By Erik Peterson
A highly successful team can successfully distribute work while minimizing contention over resources so that the team members can accomplish their tasks without tripping over each other's feet. Similarly, a set of Oracle instances working together as a parallel server must be able to divide work and coordinate the collective tasks. And just as not all tasks lend themselves to a team approach, not all systems lead themselves to being made parallel. However, by properly partitioning resources and tasks--and by coordinating these partitions and the actual application--many users of Oracle Parallel Server can significantly improve performance and achieve scalability beyond that available from a single-node symmetric multiprocessing system, NUMA system, or even a large mainframe.
Imagine, for example, that a user in one instance wants to read data that another user in another instance has updated and committed, but whose changes have not yet been written to disk and are still being held in the original instance's database buffer cache. Oracle Parallel Server handles this situation by adding another level of locks, called Parallel Cache Management (PCM) locks, which ensure cache coherency.
PCM locks work in conjunction with the Distributed Lock Manager (DLM) to handle the locking of resources such as data blocks, rollback segments, and data dictionary entries. Oracle assigns PCM locks on a per-datafile basis in the case of hashed locks, or on a per-block basis in the SGA in the case of Data Block Address (DBA) locks (available in Oracle7 Release 7.3 or higher). The granularity of coverage of the locks is user definable, and thus a lock can cover one block or several.
PCM locks can exist in an instance in any of three modes:
Because pinging is typically what limits application scalability most, the goal is to eliminate or minimize false pinging and reduce real pinging to a very low level. This involves two factors: One is the method of assigning PCM locks and their granularity, which is discussed thoroughly in the Oracle7 or Oracle8 Parallel Server Reference Guide. but a second, even more important, factor is application partitioning.

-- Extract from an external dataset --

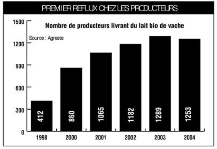En 2004, près de la moitié de la collecte bio (47 %) a été réorientée vers la filière conventionnelle, une proportion qui atteignait déjà 39 % en 2003. « Hormis les laits conditionnés et les fromages de chèvre, toutes les fabrications biologiques reculent » indique l'étude Agreste. Comme quoi les produits transformés s'accommodent assez mal du label AB. « La baisse atteint 28 % pour les desserts lactés, 20 % pour la crème conditionnée, 15 % pour les yaourts et laits fermentés, et 10 % pour les fromages à base de lait de vache ».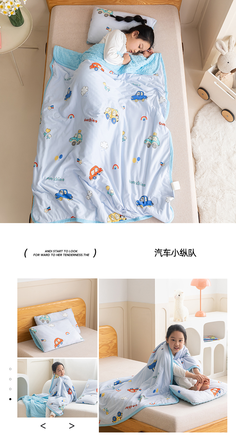艾佳宝贝 2025新款A类豆豆针织儿童多功能盖毯安抚夏被-模特图 汽车小纵队

Consider an application that stores names of medications approved by the U.S. Food and Drug Administration. The system gets relatively few writes (updates or inserts), while reads (selects) are very common, which means little or no partitioning is necessary. A similar system that stores driver's license information may not seem like it would need partitioning. While updates and inserts are common, they rarely occur to the same row from two sites simultaneously, since a person cannot be in more than one Department of Motor Vehicles office at once. Similarly these updates cover only a very small percentage of overall rows. Even so, pinging can still cause trouble in this situation because pinging occurs across blocks or groups of blocks instead of rows. Therefore, proper design and partitioning are critical and affect overall system performance.
You should also place data that is updated, inserted, deleted only in a large batch (or batchlike process) in separate tablespaces. You can then track when this data is created or modified and treat it as read-only at all other times. If you are erasing old data and entering new data, truncate the rows instead of deleting them to prevent a search to the old high-water mark for full table scans.
Finally, although the data in this case is rarely modified, and then only by controlled batch procedures, the timing of updates, deletes, and inserts is often unpredictable and may occur simultaneously with reads. Yet this contention will be very different from the non-batch modifiable data. Therefore, this batch data should also be separated into its own tablespaces and require PCM lock assignment. Here it is assumed that updates, deletes, and inserts are infrequent enough that they will cause little data contention; otherwise treat it for partitioning like other modifiable data.
If updates, deletes, or insertions become more frequent, you may have to do some partitioning may to avoid contention occurring between instances. Localize all data contention to the same instance as much as possible. An application that is overly subject to data contention and cannot be partitioned is not an appropriate candidate for an Oracle Parallel Server environment.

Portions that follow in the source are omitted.